Content
What is this course about?
The course will discuss data mining and machine learning algorithms for analyzing very large amounts of data. The emphasis will be on MapReduce and Spark as tools for creating parallel algorithms that can process very large amounts of data.
Topics include: Frequent itemsets and Association rules, Near Neighbor Search in High Dimensional Data, Locality Sensitive Hashing (LSH), Dimensionality reduction, Recommendation Systems, Clustering, Link Analysis, Large scale supervised machine learning, Data streams, Mining the Web for Structured Data.
This course is modeled after CS246: Mining Massive Datasets by Jure Leskovec at Stanford University.
Reference Text
The following text is useful, but not required.
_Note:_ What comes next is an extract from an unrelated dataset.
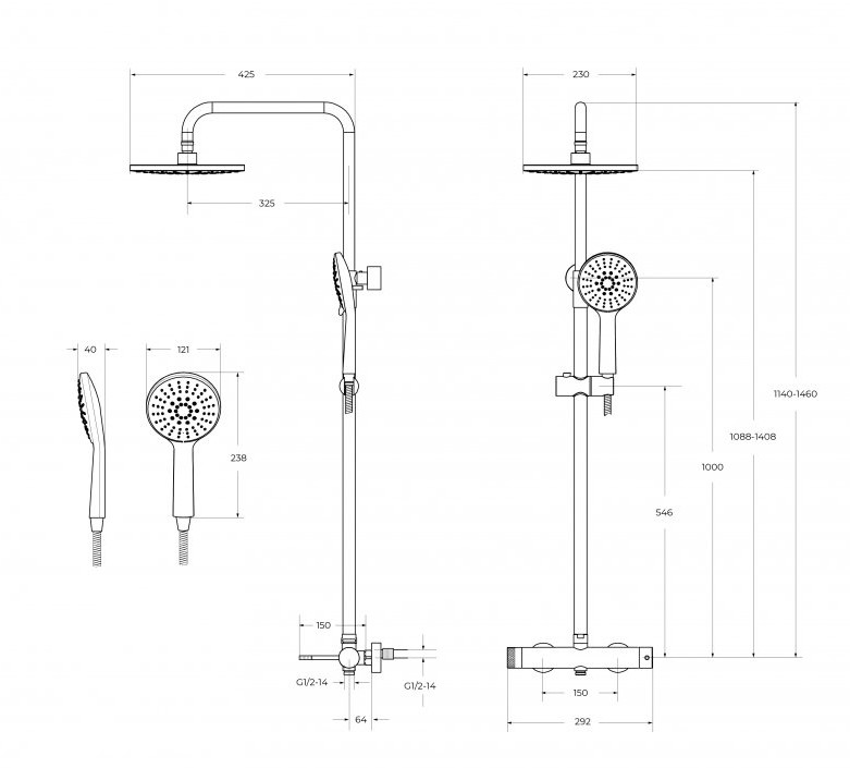 Дополнительная информация: регулируемая высота верхнего душа

It can be downloaded for free, or purchased from Cambridge University Press.
Leskovec-Rajaraman-Ullman: Mining of Massive Dataset
Prerequisites
Students are expected to have the following background:
- Knowledge of basic computer science principles and skills, at a level sufficient to write a reasonably non-trivial computer program (e.g., CS332, CS373 or equivalent are recommended).
- Good knowledge of Python and Java will be extremely helpful since several assignments will require the use of Spark/Hadoop.
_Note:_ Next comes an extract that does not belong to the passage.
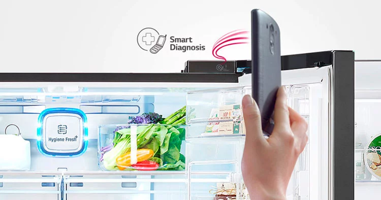 Si el refrigerador experimenta un problema, Smart Diagnosis ayudara a remediar la situación. Al detectar cualquier inconveniente, Smart Diagnosis™ de LG es una manera fácil de solucionar tus problemas. Solo llama al Servicio al Cliente de LG, coloca tu teléfono en el Refrigerador y Servicio al Cliente podrá emitir un diagnóstico rápido para darte una solución, previendo visitas técnicas que pueden resultar costosas e innecesarias.

- Familiarity with basic probability theory (any introductory probability course).
- Familiarity with writing rigorous proofs (e.g., CS311 or equivalent).
- Familiarity with basic linear algebra (e.g., Math 308 or equivalent).
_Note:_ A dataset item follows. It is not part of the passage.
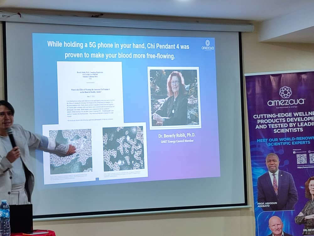 The final product showcased was EGAR-X, a small sticker-type accessory intended for mobile phones and other digital devices. QNET says the product was developed for users who want to reduce their direct exposure to radiation from everyday electronics.

- Familiarity with algorithmic analysis (e.g., CS332/CS373; CS417/CS421 would be more than necessary).
Students may refer to the following materials for an overview and review of the expected background. Related questions can be posted on EdDiscussion or during Office Hours.
- Probability and Proof Techniques
- Linear Algebra
- Spark Tutorial (a video is available through Stanford CS246)
Recordings of the recitations are available on Panopto. You will need to login using your UW netid in order to watch the videos. Note: the audio might be a little off, particularly in the Spark recitation video, due to technical difficulties.
Students may decide to enroll without knowledge of these prerequisites but expect an significant increase in work load to learn these concurrently (e.g. 10 hours per week per missing prerequisite as a rule of thumb).